◆ REQUIRED WORK:
Below are entries; copy exactly the lines from the one with "Lightning bolt icon." through the one with "De aceea, cadoul", both included, and leave out the rest.
[DATASET EXCERPTS Boundary: Start]
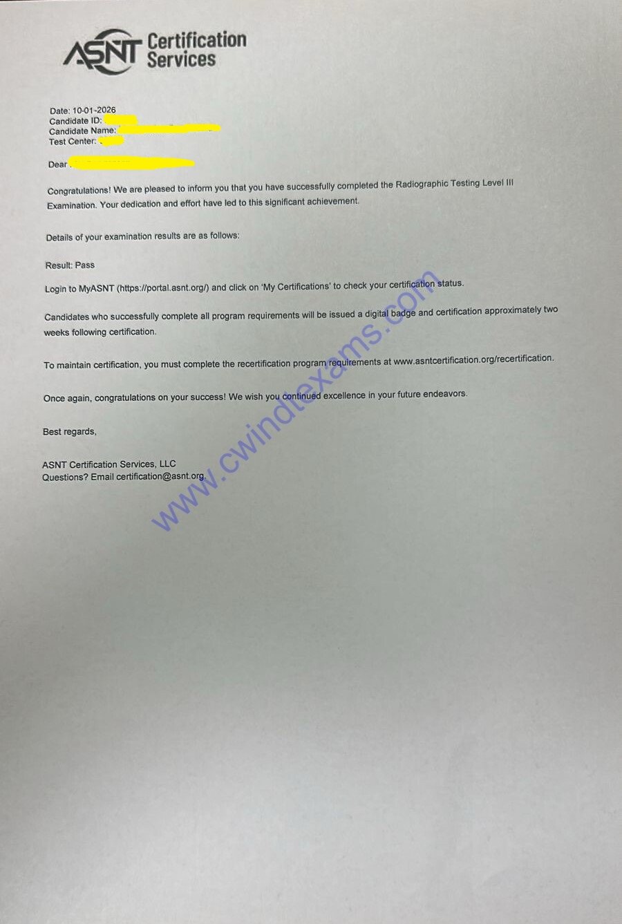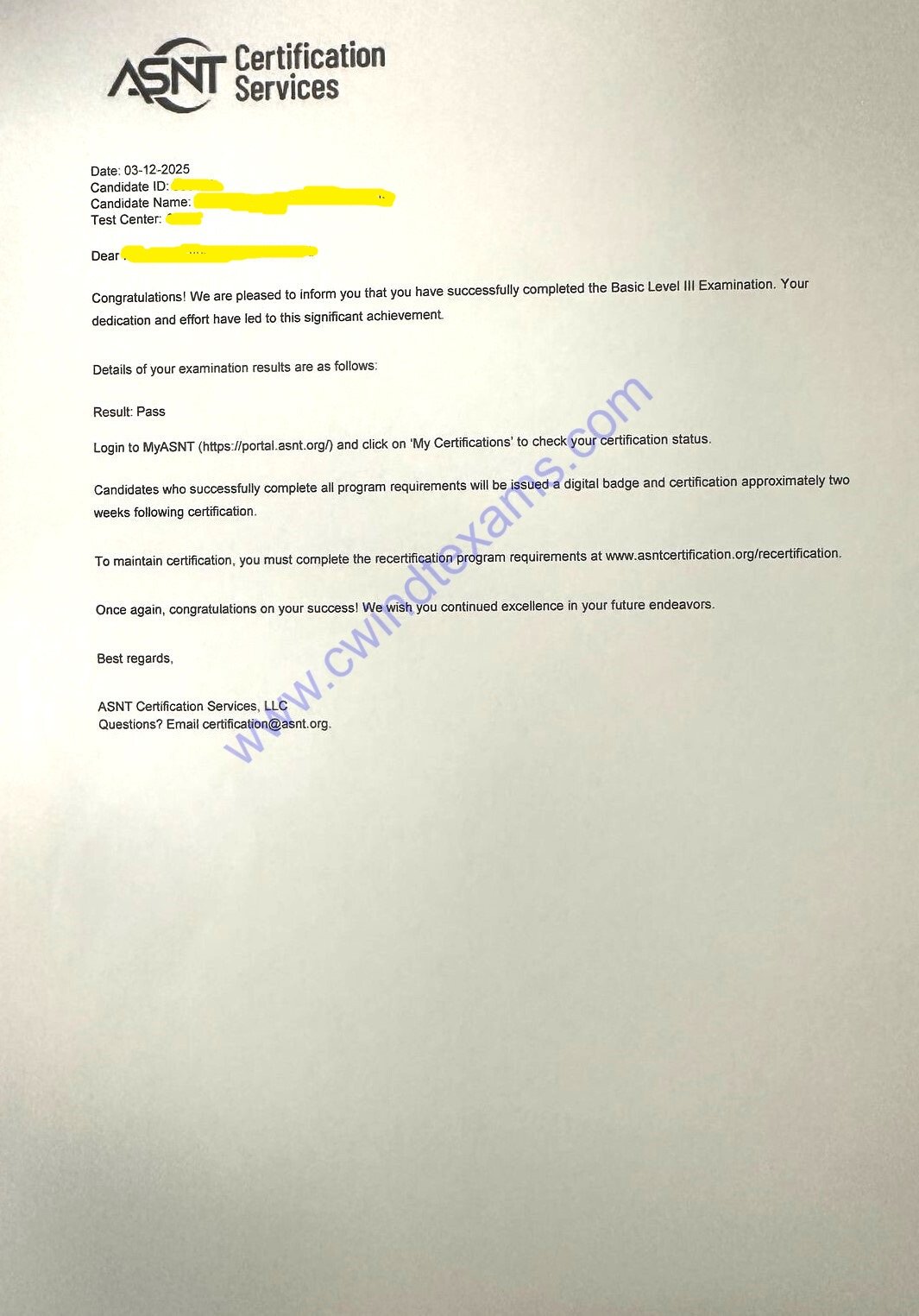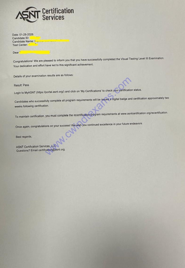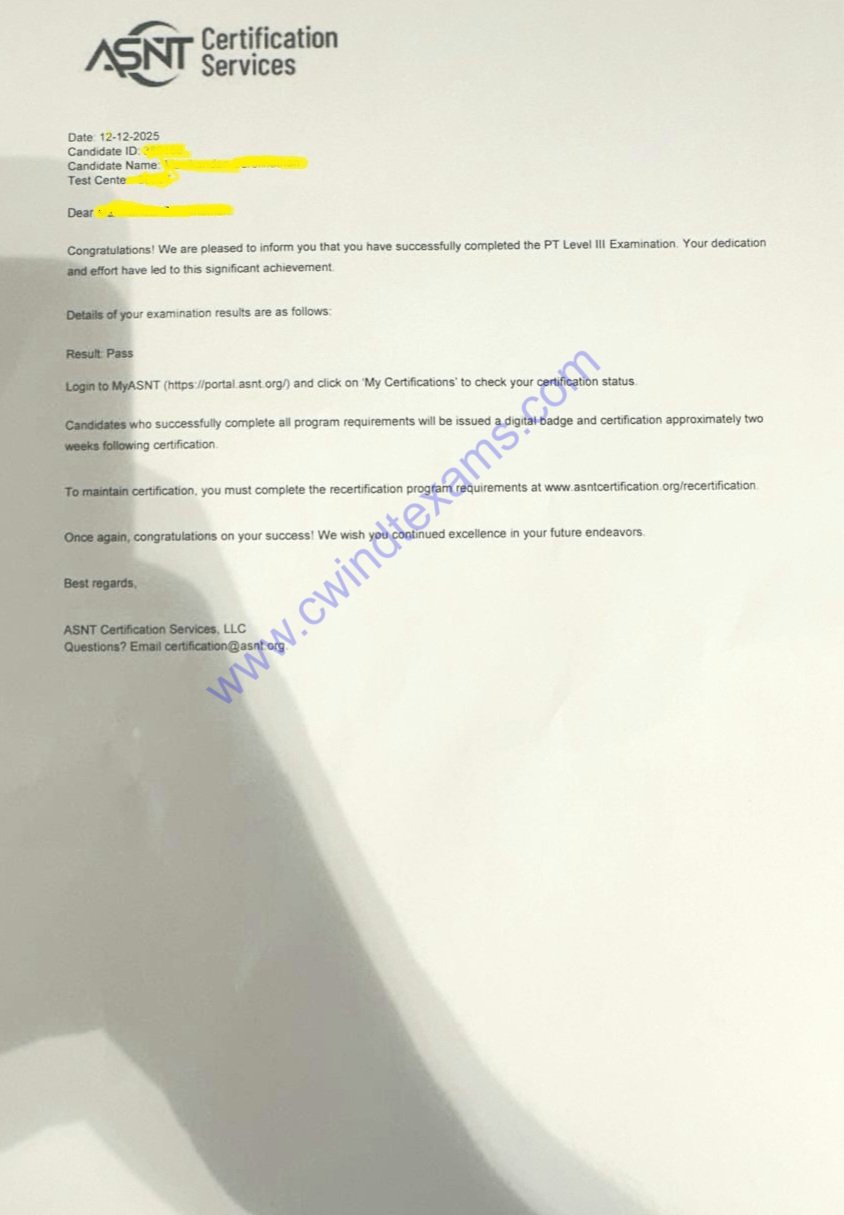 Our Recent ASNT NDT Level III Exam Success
[DATASET EXCERPTS Boundary: End]
[DATASET EXCERPTS Boundary: Start]
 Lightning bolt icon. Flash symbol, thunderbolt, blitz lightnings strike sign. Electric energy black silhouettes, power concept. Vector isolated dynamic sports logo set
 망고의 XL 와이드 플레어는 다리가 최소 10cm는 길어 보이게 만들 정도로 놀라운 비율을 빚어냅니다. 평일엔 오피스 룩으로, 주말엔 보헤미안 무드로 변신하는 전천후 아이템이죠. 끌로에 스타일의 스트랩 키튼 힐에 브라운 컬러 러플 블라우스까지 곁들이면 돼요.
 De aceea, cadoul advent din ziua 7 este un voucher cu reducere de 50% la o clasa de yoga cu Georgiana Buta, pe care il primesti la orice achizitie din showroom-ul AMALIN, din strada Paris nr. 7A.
[DATASET EXCERPTS Boundary: End]
◆ FINAL ANSWER:
 Lightning bolt icon. Flash symbol, thunderbolt, blitz lightnings strike sign. Electric energy black silhouettes, power concept. Vector isolated dynamic sports logo set
 망고의 XL 와이드 플레어는 다리가 최소 10cm는 길어 보이게 만들 정도로 놀라운 비율을 빚어냅니다. 평일엔 오피스 룩으로, 주말엔 보헤미안 무드로 변신하는 전천후 아이템이죠. 끌로에 스타일의 스트랩 키튼 힐에 브라운 컬러 러플 블라우스까지 곁들이면 돼요.
 De aceea, cadoul advent din ziua 7 este un voucher cu reducere de 50% la o clasa de yoga cu Georgiana Buta, pe care il primesti la orice achizitie din showroom-ul AMALIN, din strada Paris nr. 7A.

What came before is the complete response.